Stability and conformational memory of electrosprayed and rehydrated bacteriophage MS2 virus coat proteins

Abstract

Proteins are innately dynamic, which is important for their functions, but which also poses significant challenges when studying their structures. Gas-phase techniques can utilise separation and a range of sample manipulations to transcend some of the limitations of conventional techniques for structural biology in crystalline or solution phase, and isolate different states for separate interrogation. However, the transfer from solution to the gas phase risks affecting the structures, and it is unclear to what extent different conformations remain distinct in the gas phase, and if resolution in silico can recover the native conformations and their differences. Here, we use extensive molecular dynamics simulations to study the two distinct conformations of dimeric capsid protein of the MS2 bacteriophage. The protein undergoes notable restructuring of its peripheral parts in the gas phase, but subsequent simulation in solvent largely recovers the native structure. Our results suggest that despite some structural loss due to the experimental conditions, gas-phase structural biology techniques provide meaningful data that inform not only about the structures but also conformational dynamics of proteins.

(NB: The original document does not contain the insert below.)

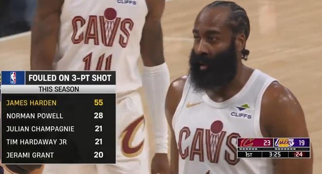 本賽季造三分犯規(guī)榜:哈登55次斷層領先,鮑威爾28次位居次席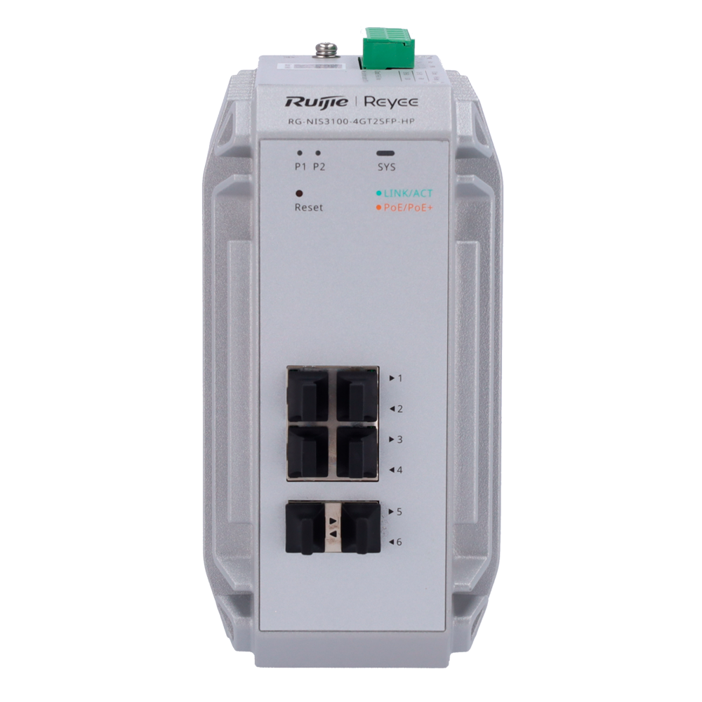- 4 puertos RJ45 10/100/1000 Mbps + 2 Puertos SFP Gigabit

Keywords: Bacteriophage; Electrospray ionization; Gas-phase structure; Molecular dynamics simulations; Protein structure; Solvation.

Graphical abstract

Fig. 1

The bMS2 capsid. The capsid of the bMS2 virus holds an interesting feature, as it is comprised of two sequence-identical dimers: the asymmetric A/B and symmetric C/C dimer. Predominantly similar in their structure, the main divergence is the well-defined, extended FG loop in A and C protein chains, which is disordered in B chains.

Fig. 2

Adjusting protein protonation for vacuum simulations. Focus was put on lysine (Lys), arginine (Arg), histidine (His), glutamine (Gln), aspartate (Asp) and glutamate (Glu) as potential protonation sites according to Marchese et al. (2010). At first, the solvent accessible surface area of the selected residues was calculated. Afterwards, the potential protonation sites were evaluated according to their gas-phase basicity, their surface area in solution, and their location within the protein chain, where candidates were ruled out, if a protonation wasn't possible due to Coulomb repulsion. At last, the net charge of the proteins were adjusted to reflect the vacuum charge state reported in literature, +10 e (Knapman et al., 2010).

Fig. 3

The RMSF of the individual protein chains. Comparison of the average RMSF in vacuum and during rehydration, where regions of interest within the protein chains are highlighted. RMSFs are displayed on the crystal structures as B-factor putty representation. Notably, the FG loops differ considerably between the symmetric and asymmetric bMS2 dimers, whilst other β-turns possess similar fluctuations. This can further be seen for each individual chain, where the RMSF was plotted onto the protein structures.

Fig. 4

Comparison of the average CCS data of both bMS2 dimers during the 500 ns of vacuum and rehydration simulations. The cross-section areas of the proteins were averaged and plotted as dashed baseline in order to estimate the evolution of the CCS over time. Upon vacuum exposure, the proteins compact rapidly within the first few nanoseconds, decreasing their cross-section down to 1950 ​Ų. Interestingly, during the rehydration process, the bMS2 dimers show an increase in their CCS data, yet seem to not completely recover the initial solution structures.

Fig. 5

Contact maps of the last 50 ns in vacuum and during rehydration in comparison with the initial bulk simulation data. Maps depicted in the upper row reflect the comparison of the vacuum contacts for the A/B and C/C bMS2 dimer (left to right, respectively shown in the lower triangular matrix) versus the contacts present during the initial bulk simulations (upper triangular matrix). Average normalized contacts during the rehydration simulations are illustrated in the lower row, with the data for the A/B and C/C dimers shown in the lower triangular matrix. Contacts were defined as existing, if the two evaluated residues had a distance within 3.5 ​Å of each other, and further plotted to account for the 200 simulated replicas, where a value of 0 on the scale reflects that no contact existed throughout all 200 simulations. The data suggests that upon vacuum exposure, new contacts form in both A/B and C/C dimers, as a result of a compaction of the protein structures due to the hydrophobic environment. Furthermore, during rehydration, most of the contacts seem to revert partially back, resembling those during the bulk. Nevertheless, as can be further seen from the rehydration plots, the bulk structures are not totally recovered, and few vacuum-derived contacts still remain present.